- [DATASET CONTENT]:
────────────────────

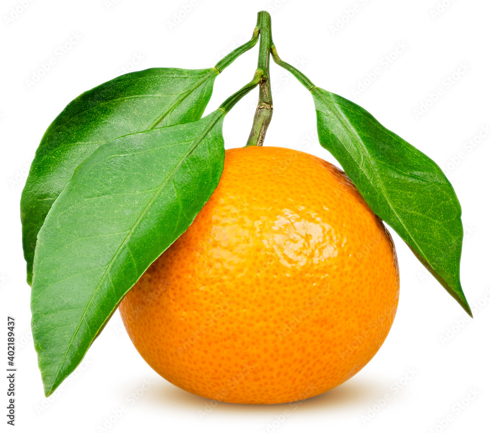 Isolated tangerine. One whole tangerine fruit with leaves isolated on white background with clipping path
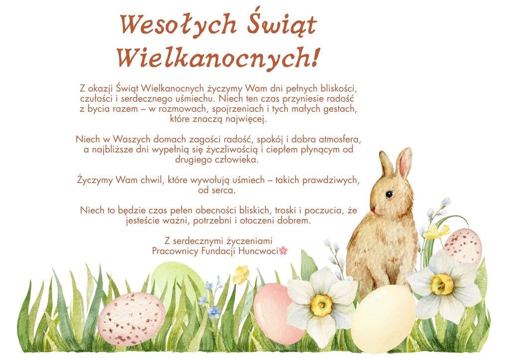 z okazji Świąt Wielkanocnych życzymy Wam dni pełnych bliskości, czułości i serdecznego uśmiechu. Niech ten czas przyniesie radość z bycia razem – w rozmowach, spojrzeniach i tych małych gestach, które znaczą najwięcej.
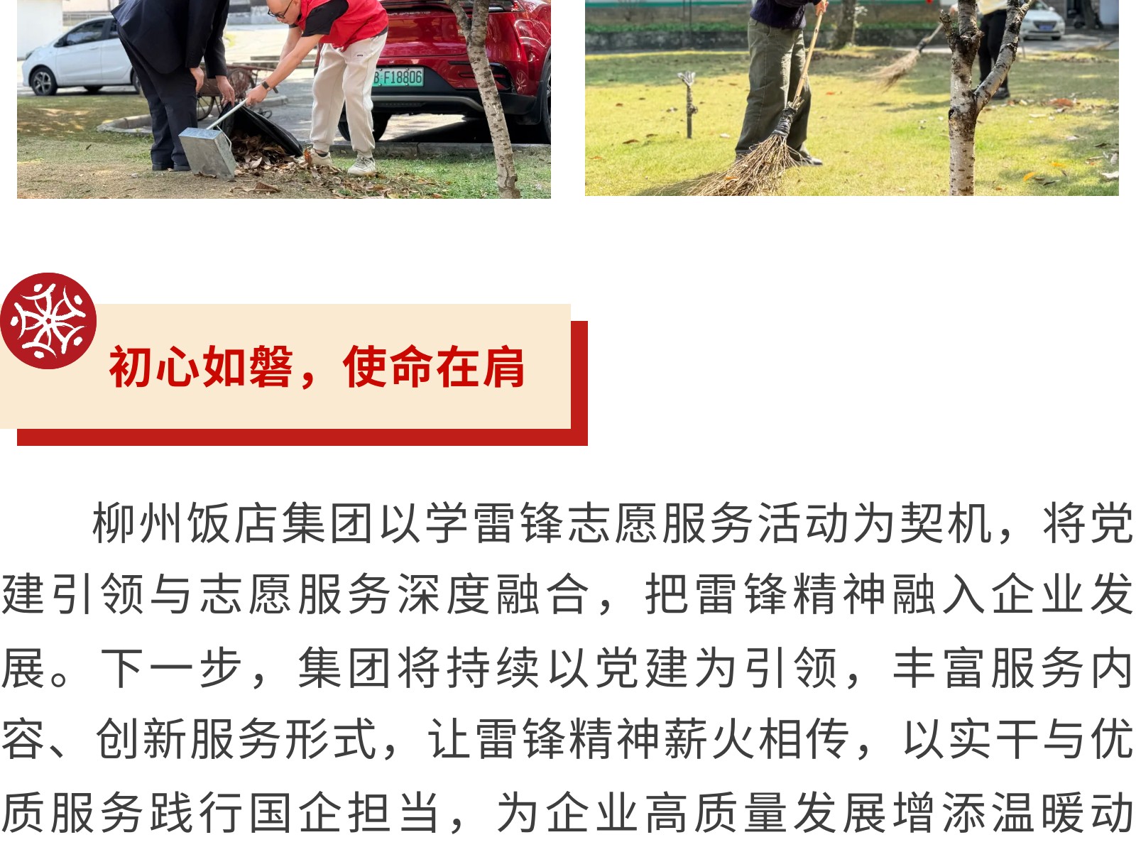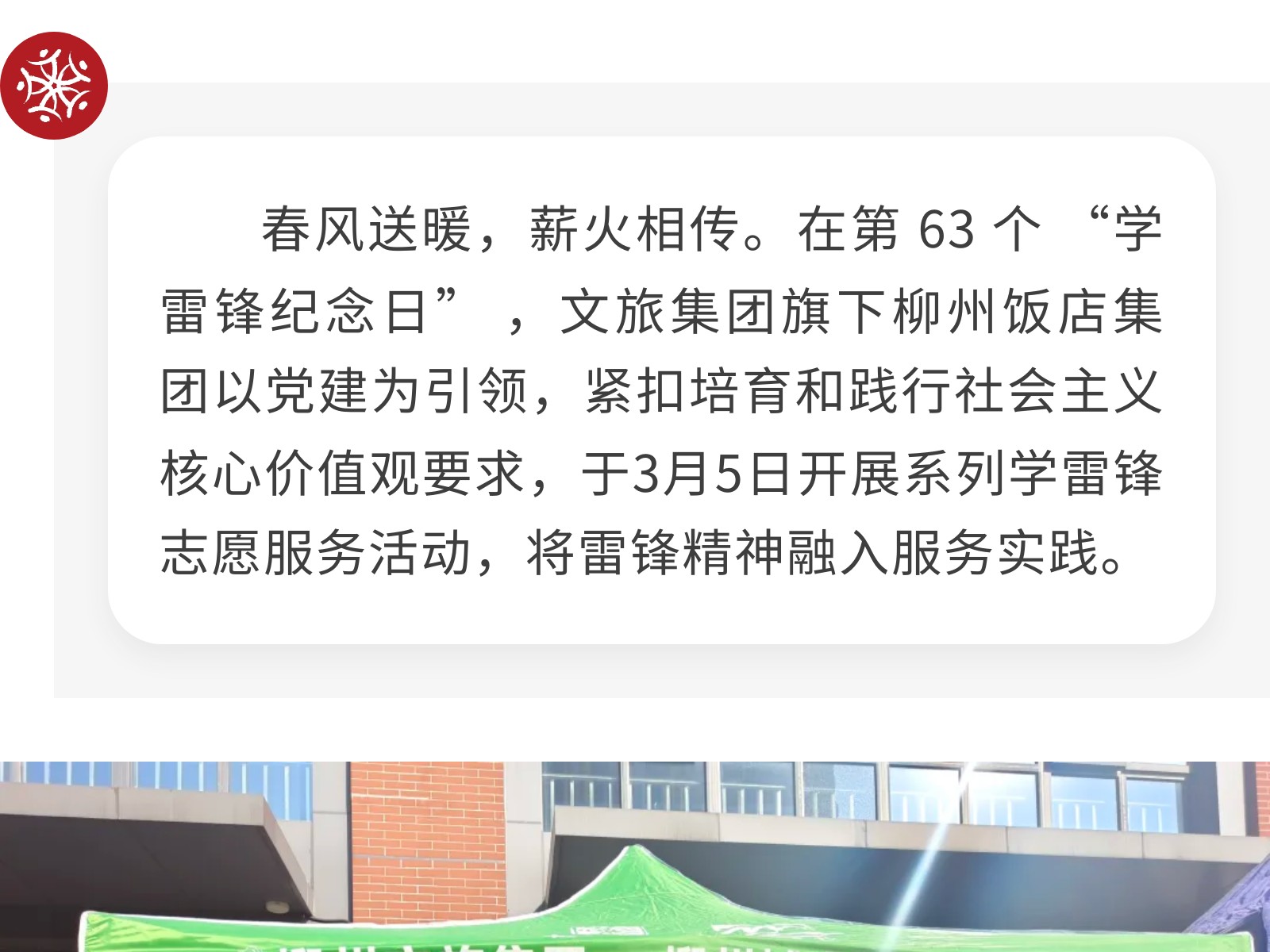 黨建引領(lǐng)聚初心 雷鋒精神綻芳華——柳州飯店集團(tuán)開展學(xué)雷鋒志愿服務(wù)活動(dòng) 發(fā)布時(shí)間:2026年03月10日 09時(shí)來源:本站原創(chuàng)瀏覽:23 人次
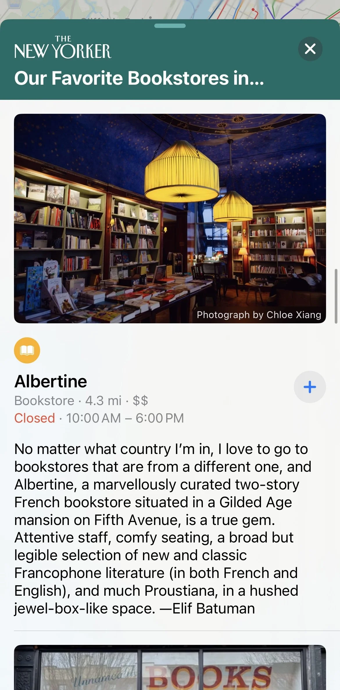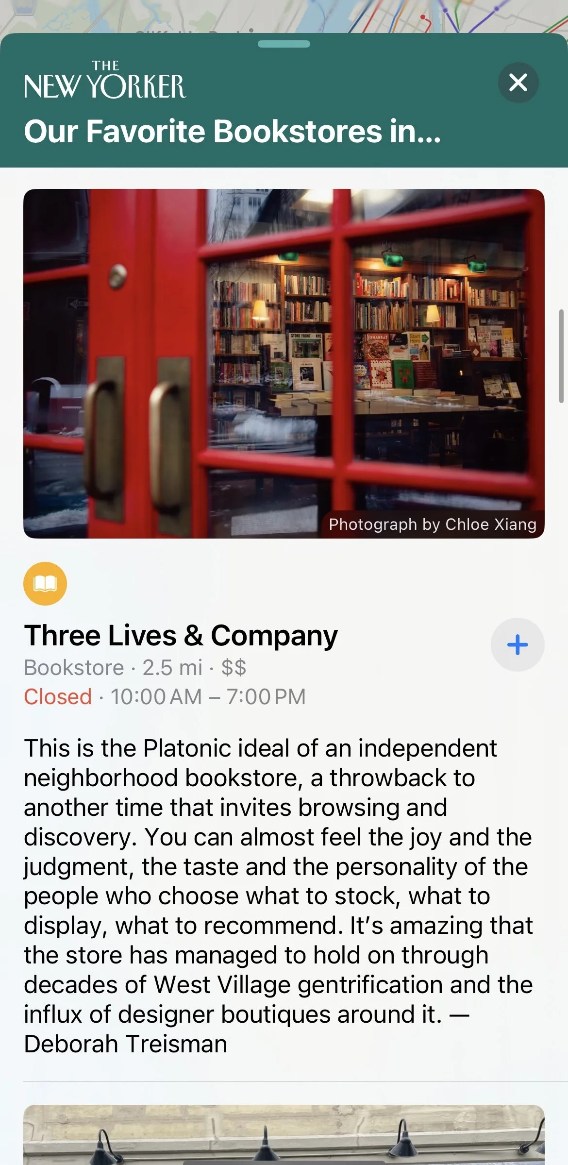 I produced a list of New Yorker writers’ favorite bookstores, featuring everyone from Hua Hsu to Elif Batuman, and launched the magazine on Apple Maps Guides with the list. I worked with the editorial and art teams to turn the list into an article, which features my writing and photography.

────────────────────

- [TASK BRIEF]: Could the listing above be printed again in full, with every picture omitted?

- [TASK SOLUTION]:
 Isolated tangerine. One whole tangerine fruit with leaves isolated on white background with clipping path
 z okazji Świąt Wielkanocnych życzymy Wam dni pełnych bliskości, czułości i serdecznego uśmiechu. Niech ten czas przyniesie radość z bycia razem – w rozmowach, spojrzeniach i tych małych gestach, które znaczą najwięcej.
 黨建引領(lǐng)聚初心 雷鋒精神綻芳華——柳州飯店集團(tuán)開展學(xué)雷鋒志愿服務(wù)活動(dòng) 發(fā)布時(shí)間:2026年03月10日 09時(shí)來源:本站原創(chuàng)瀏覽:23 人次
 I produced a list of New Yorker writers’ favorite bookstores, featuring everyone from Hua Hsu to Elif Batuman, and launched the magazine on Apple Maps Guides with the list. I worked with the editorial and art teams to turn the list into an article, which features my writing and photography.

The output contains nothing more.